I’m dabbling a bit in retro programming because apparently I have nothing better to do, which is a field of joy in a world of pain. Common wisdom is that the IBM PC can’t do anything in parallel; there is only a single CPU, no GPU (in the modern sense) and mostly no co-processor. There is an Intel 8237 DMA chip which can autonomously move data between devices, but it can’t be used for RAM-to-RAM copying or copying to/from the graphics card [DoD]. Or does it?
The smart folks over at the Vintage Computer Federation found a, hacky, way [MMD] to do just that. Memory-to-memory DMA is possible on the IBM PC/XT, despite Channel 0 typically being reserved for DRAM refresh. The transfer must occur within a short time span and within the same segment because Channel 0 and 1 share a page register.
Sequence
- Disable RAM refresh (by stopping the PIT timer)
- Set the “extended write selection” value in the command register. Without this, operations like copying to CGA card memory fail due to timing issues (the write line is only active for one cycle, missing the wait state signal).
- Set memory-to-memory mode: Channel 0 for reading, Channel 1 for writing.
- Mask off both channels, trigger a software DMA request for Channel 0, and wait for Terminal Count on Channel 1.
- Enable RAM refresh
Unfortunately there isn’t any code published.
Effects
- System-to-system copy works fine and is stable.
- CGA-to-CGA copy requires “extended write selection” to handle wait states.
- EGA copy: it is possible to push memory-to-memory DMA onto an EGA card (tested with Video Seven VEGA and IBM EGA) by tweaking timings and using “extended write selection” to create effects like a sliding copy of an image on the screen.
Performance Characteristics
- CGA-to-CGA DMA copies are slightly faster than a CPU using REP MOVSW or REP MOVSB for video memory (DMA takes ~21.3 cycles per byte, while REP MOVSW in CGA is ~26.5 cycles per byte).
- However, REP MOVSW from system RAM to CGA is faster (19.2 cycles per byte) than doing a DMA copy.
- When copying with an EGA card, the CPU uses REP MOVSB because the EGA latches don’t work reliably with 16-bit accesses.
Limitations on Transfer Size
- Normal hardware specifications require a DRAM refresh every 4ms (about 256 rows to refresh out of an available window of ~19091 cycles). The maximum safe continuous DMA copy size is theoretically ~1922 bytes before a standard machine risks crashing from lack of refresh.

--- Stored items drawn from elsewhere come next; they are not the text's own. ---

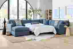 This contemporary sectional features a high-quality Sealy Royale sleeper mattress. Designed by sleep experts, Sealy mattresses are engineered to provide a supportive and restful night's sleep, ensuring your guests enjoy a level of comfort that far exceeds a standard sofa bed.
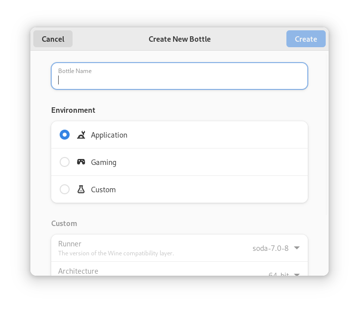 - Runners are now sorted according to a priority list. From the highest to the lowest priority: Soda, Caffe, Vaniglia, Lutris, and then the rest. Whenever you want to create a new bottle, or change the runner of an existing runner, everything will be displayed in order.
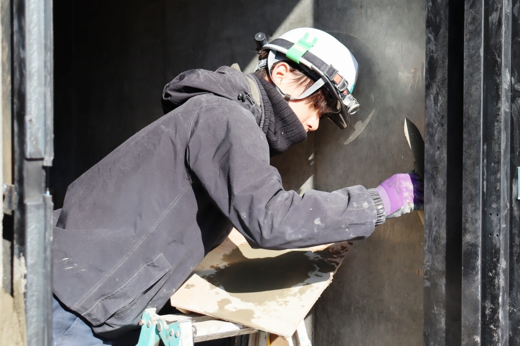 マンションや大型商業ビルなど、鉄筋コンクリート造の建物の左官工事を担当。『自分の携わった建物が、カタチになって残ること』それが一番のやりがいです。完成後、その建物がテレビなどで取り上げられているのを見ると、非常に誇らしい気持ちにもなりますね。将来は、技術的にも人間性も優れた左官職人になりたいです。
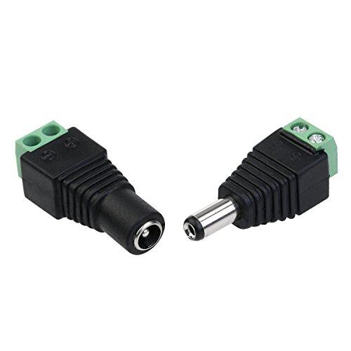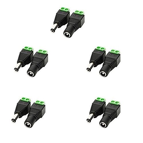 LitaElek 10個セット 5.5mm x 2.1mm DC 5V-24V電源アダプタコネクタネジ端子アダプタCCTVカメラとCOB LEDテープライト SMD LEDテープライト LEDストリップライト用DCジャック変換プラグ(5 メス + 5 オス)
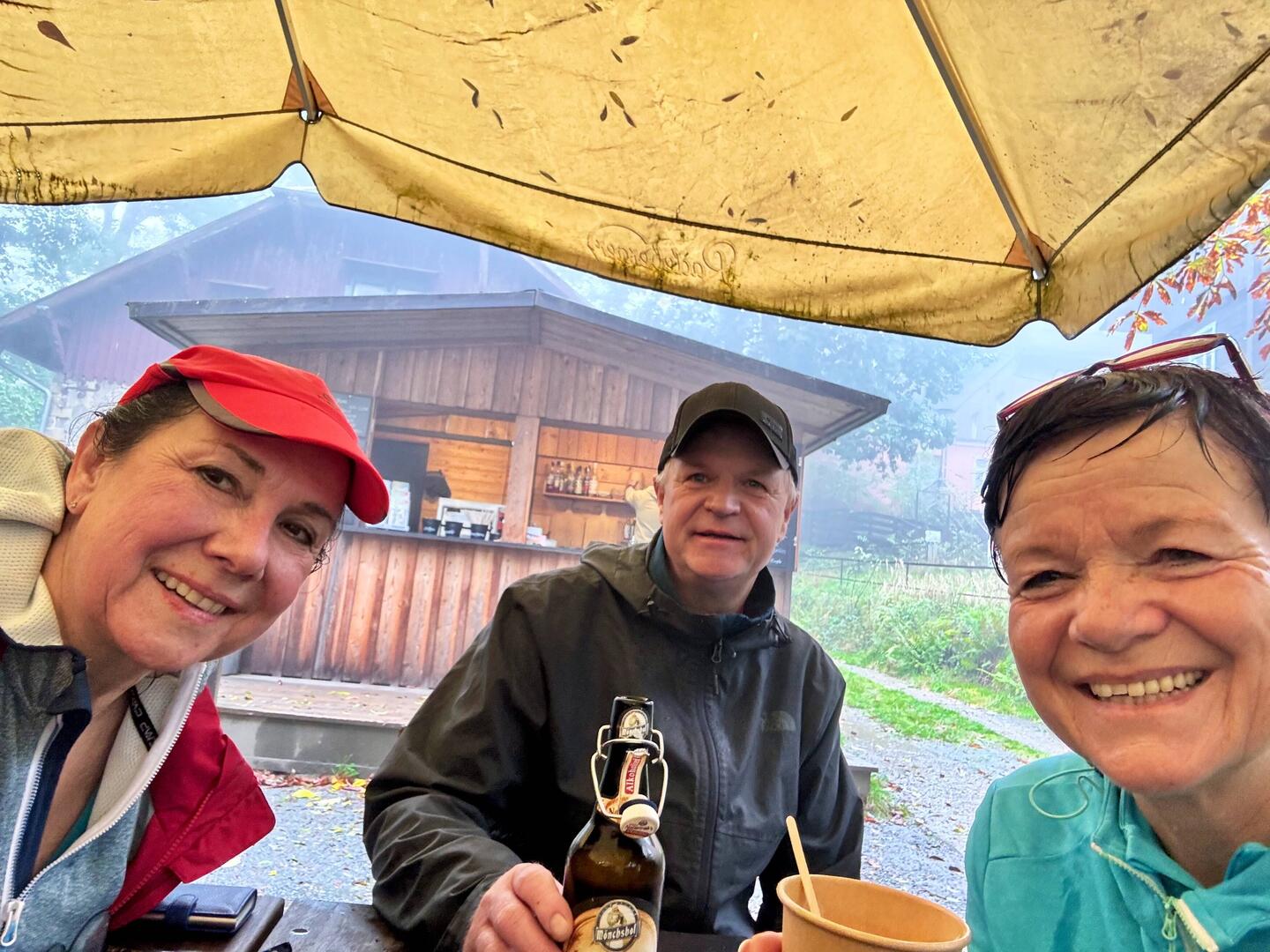 Es ist heute aber auch total ungemütlich und es beginnt zu nieseln. So trennen sich nach den Schrammsteinen unsere Wege. Einige nehmen den direkten, kurzen Weg zur nächsten Unterkunft, Joe, Ingo,Read more
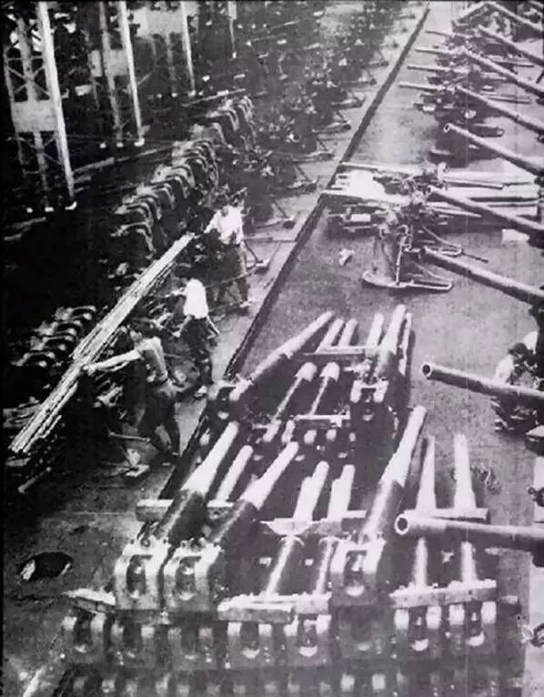 (图为当年日媒报道中日本兵工厂里待装配的高射炮)

- However, many specific PC XT setups and memory chips are extremely tolerant. In practice, this allows the refresh to be disabled long enough to transfer over 16kb (e.g., the size of a 320×200 16-color screen plane) or more at a time without parity errors.
Resources
[DoD] The Danger of Datasheets
https://www.os2museum.com/wp/the-danger-of-datasheets/
[MMD] Memory to Memory DMA on the IBM PC PC/XT
https://forum.vcfed.org/index.php?threads/memory-to-memory-dma-on-the-ibm-pc-pc-xt.1256277/